Bangladesh has 81 insurance companies, of which 35 companies deal with life insurance and 46 with non-life insurance. PHOTO: REUTERS

The contribution of the insurance sector to the GDP is measured by a ratio popularly known as penetration ratio – a ratio of premium to GDP. The penetration ratio in Bangladesh, currently at only 0.46 percent, is very low compared to the global standards. Lack of awareness about insurance is often stated as the reason behind the meagre penetration ratio, but there are many other addressable issues in the sector.

Bangladesh has 81 insurance companies, of which 35 companies deal with life insurance and 46 with non-life insurance. The question about whether our economy needs so many insurance companies is moot. The answer is a no, and it's a no-brainer. India, for example, has only 57 insurance companies, and Malaysia has only 25. Allowing such a large number of insurance companies to operate in Bangladesh was completely unjustified. A good number of companies were given licences based on political considerations; they were permitted not because they were needed for the economy, but because they were beneficial to some influential people. If an economy has more insurance companies than it needs, companies are bound to perform poorly and resort to anomalies due to undue competition.

The progress of a country's insurance sector can be understood by looking at its claim settlement ratio. This ratio refers to the percentage of claims that the insurance company settles in a year compared to the total number of claims received. If the ratio is high, it means more claims have been settled.

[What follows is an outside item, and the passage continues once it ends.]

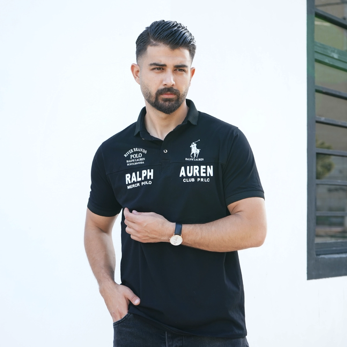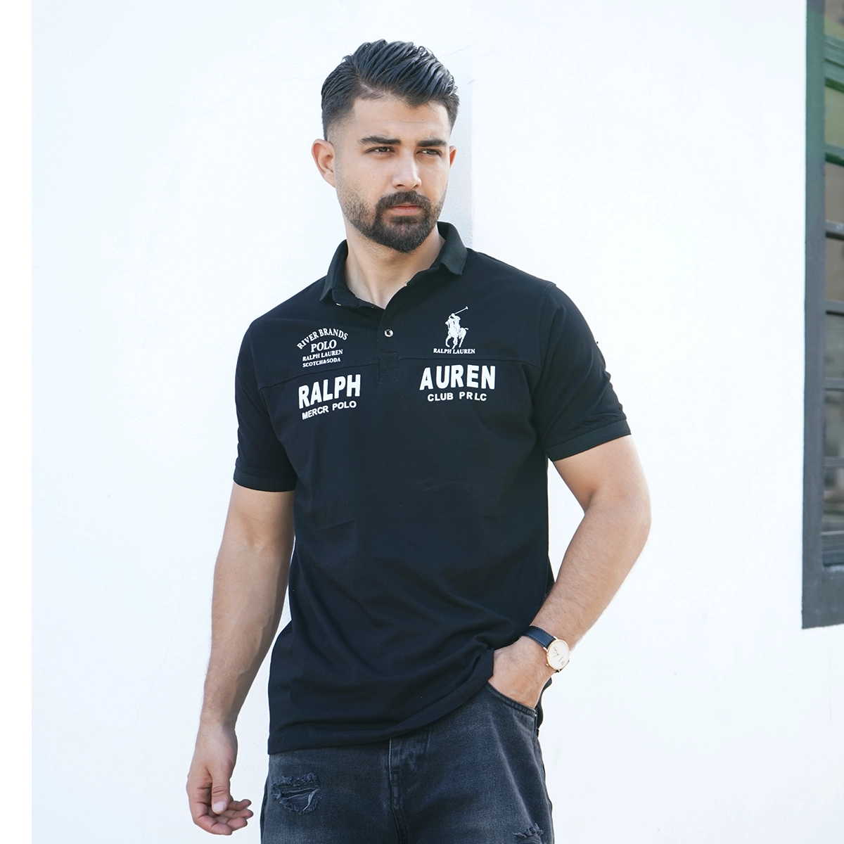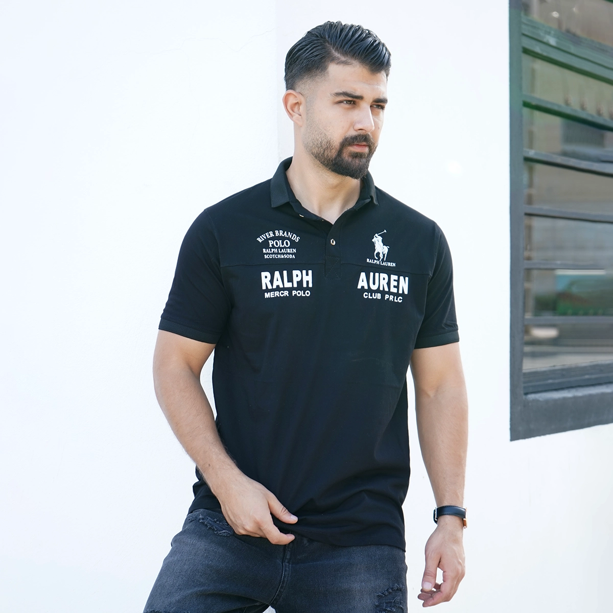 تیشرت یقه دار مشکی مردانه مدل Ralph

So, what are the claim settlement ratios of the insurance companies in Bangladesh?

Historical data show that it was about 54 percent in 1973-1990, which rose to nearly 73 percent during 1991-08, and to 78 percent during 2009-2019. However, this rate dropped dramatically to 68 percent in 2021 from 88 percent in 2020. In contrast, the global claim settlement ratio is 98 percent on average. Even in India, the average claim settlement ratio is 98 percent. One could argue that the recent deterioration of this ratio in Bangladesh may be due to the pandemic. But what about the historical low settlement ratios?

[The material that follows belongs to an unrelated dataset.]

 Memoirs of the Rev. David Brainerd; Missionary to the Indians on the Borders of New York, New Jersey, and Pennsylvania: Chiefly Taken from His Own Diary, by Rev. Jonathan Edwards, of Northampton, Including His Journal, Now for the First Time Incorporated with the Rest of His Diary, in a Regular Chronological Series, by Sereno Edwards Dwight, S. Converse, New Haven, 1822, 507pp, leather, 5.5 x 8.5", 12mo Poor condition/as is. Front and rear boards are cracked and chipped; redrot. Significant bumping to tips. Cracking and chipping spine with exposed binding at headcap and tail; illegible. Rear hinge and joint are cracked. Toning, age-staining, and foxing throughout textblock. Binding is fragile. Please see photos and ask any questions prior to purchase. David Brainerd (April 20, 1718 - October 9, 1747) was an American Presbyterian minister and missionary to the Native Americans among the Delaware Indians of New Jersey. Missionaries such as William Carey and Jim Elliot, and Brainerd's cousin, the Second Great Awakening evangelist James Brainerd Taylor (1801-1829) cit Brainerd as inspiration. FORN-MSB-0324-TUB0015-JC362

Many factors can be attributed to such low claim settlement ratios. There are allegations that insurers delay the settlement of claims when some policies mature. In some cases, if clients are not influential, their claims are not settled properly. A large number of insurance companies have to compete for the same number of clients with almost similar products and services. Some companies fail to invest their funds appropriately to generate the required return, while other companies face investment losses. Besides, corruption, financial irregularities and embezzlement in some companies resulted in a serious liquidity crisis. The regulatory authority has repeatedly failed to ensure the accountability of such companies; lack of monitoring and supervision allows them to continue operating with many anomalies.

Furthermore, the lack of professionalism of agents has created a negative mindset towards the entire sector. Incomplete information is often provided by agents to policyholders. In many cases, policyholders do not look at the terms and conditions of policies; rather they depend on what the agents say. In such cases, the agents can exaggerate the benefits of policies. When the policies mature, the policyholders find a huge gap between the promise and the reality.

On the other hand, the rising income inequality has kept a large proportion of the population outside insurance coverage. A paradoxical situation has emerged in the country: the rich have the ability to manage risks personally and have insurance policies. But the poor who face many risks do not have insurance policies that can be attributed not only to the lack of awareness, but also to the economic factors creating their inability to buy the policies.

There is also a mismatch between the demand for and supply of the products and services. Before launching any product, there should be a survey on prospective customers so that the supplier can understand its latent demand and design it accordingly. But in our country, most of the time, products and services are launched without serious market investigation.

The negligence to the overall sector is evident from the setting up of the Insurance Development and Regulatory Authority (IDRA) only in 2010, although this sector has been operating in the country in parallel with the banking sector since independence. The IDRA does not have an adequate workforce to regulate the insurance sector properly. In addition, there is also doubt about its autonomy in taking corrective measures against the insurance companies involved in various irregularities and financial scams.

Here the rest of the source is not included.